The People’s Party holds the balance of power in this parliament. Assuming a Liberal party member becomes speaker of the house, that means the Liberals together with the Bloc Québécois and Green Party have 163 votes and the Conservative and NDP together have 163 votes. The People’s Party’s 6 votes that is enough to decide which side reaches 169.

The rise in the Green Party’s popular vote allowed them to gain more seats this election. The Green Party has close to the same number of seats as the Bloc Québécois which reflects the fact that they have close to the same popular vote, even though the Green Party’s votes are more dilluted throughout Canada. This illustrates how sortition is a form of proportional electoral system.

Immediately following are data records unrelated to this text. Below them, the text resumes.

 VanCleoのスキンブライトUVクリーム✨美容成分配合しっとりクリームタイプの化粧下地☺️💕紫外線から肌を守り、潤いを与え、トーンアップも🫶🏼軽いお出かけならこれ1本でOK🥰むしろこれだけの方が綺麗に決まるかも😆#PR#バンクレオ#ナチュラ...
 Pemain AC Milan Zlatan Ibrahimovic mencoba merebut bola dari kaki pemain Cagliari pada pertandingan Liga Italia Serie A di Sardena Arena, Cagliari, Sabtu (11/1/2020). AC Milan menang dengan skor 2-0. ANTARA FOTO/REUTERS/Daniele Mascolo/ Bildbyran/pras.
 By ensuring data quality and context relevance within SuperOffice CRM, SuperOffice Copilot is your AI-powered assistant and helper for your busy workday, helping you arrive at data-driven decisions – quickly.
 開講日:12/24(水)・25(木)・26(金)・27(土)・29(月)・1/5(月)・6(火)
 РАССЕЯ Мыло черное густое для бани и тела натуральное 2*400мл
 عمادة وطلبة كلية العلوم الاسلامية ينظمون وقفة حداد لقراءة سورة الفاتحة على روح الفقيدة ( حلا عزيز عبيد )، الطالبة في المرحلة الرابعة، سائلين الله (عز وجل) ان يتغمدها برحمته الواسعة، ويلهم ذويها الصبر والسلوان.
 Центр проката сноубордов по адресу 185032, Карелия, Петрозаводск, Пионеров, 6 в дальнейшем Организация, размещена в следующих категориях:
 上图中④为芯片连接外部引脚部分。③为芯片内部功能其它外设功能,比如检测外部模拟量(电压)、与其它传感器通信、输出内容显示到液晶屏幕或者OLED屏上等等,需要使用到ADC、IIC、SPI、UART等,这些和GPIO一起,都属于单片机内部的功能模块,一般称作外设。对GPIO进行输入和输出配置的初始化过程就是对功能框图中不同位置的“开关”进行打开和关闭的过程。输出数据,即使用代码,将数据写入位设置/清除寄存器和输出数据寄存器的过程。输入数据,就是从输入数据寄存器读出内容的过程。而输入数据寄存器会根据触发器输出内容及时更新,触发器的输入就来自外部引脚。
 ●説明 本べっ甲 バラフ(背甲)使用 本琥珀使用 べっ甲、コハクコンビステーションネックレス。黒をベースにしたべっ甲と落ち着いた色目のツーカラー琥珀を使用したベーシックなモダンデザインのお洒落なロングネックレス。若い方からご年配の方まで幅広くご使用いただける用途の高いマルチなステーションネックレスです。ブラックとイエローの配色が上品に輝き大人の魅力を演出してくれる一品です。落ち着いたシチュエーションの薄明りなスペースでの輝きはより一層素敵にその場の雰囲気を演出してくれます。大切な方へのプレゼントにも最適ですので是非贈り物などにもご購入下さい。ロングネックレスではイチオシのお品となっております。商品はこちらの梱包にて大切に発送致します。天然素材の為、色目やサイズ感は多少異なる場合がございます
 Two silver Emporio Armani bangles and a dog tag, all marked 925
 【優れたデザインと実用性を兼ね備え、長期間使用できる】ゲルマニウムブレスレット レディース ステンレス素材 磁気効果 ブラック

Many proportional election systems require candidates to run under a party, or at least it is advantageous to be a run under a party. One notable advantage of sortition is that independent or unaffiliated candidates are not disadvantaged. While we did not select Jody Wilson-Raybould for her riding, Jane Philpott was elected to Markham—Stouffville. Also Archie MacKinnon was elected to Sydney—Victoria. And, with sortition, even the 396 residents of Miramichi—Grand Lake get a turn to have their choice of Mathew Grant Lawson to represent them in parliament.

This is only one example of the results of a stochastic election. Because of the stochastic nature of the election process, actual results may differ.

In Canada’s election process, it is sometimes advantageous to not vote for one’s preferred candidate. The stochastic election system is the only system in which it always best to vote for your preferred candidate. Therefore, if the 2019 election were actually using a stochastic election system, people would be allowed to vote for their true preferences. The outcome could be somewhat different than what this simulation illustrates.

Related info

Stochastic Elections Canada 2019 Update

2019-10-30T03:53:52Z

The rule of the people has the fairest name of all, isonomia, and does none of the things that a monarch does. The lot determines offices, power is held accountable, and deliberation is conducted in public. — Herodotus

In Athenian democracy, sortition was used to select their magistrates in order to avoid the oligarchs buying their way into the office. What would happen if we used a form of sortition to to select our parliament? Since most people are too busy and unprepared to sit in parliament, I propose the next best thing: the drawing of lots in a riding to select a person to chose the representative for the riding. What would happen?

The resulting system is a unique system that provides local representation and approximately proportional representation. Each party gets a chance to represent a riding in roughly proportion to the amount of support they have in the riding. Democracy means “rule of people”, not “rule of the majority” (nor “rule of the plurality”). Not only is it perfectly democratic for the minority to get an opportunity to be represented in parliament, it is more democratic than what we have in Canada now.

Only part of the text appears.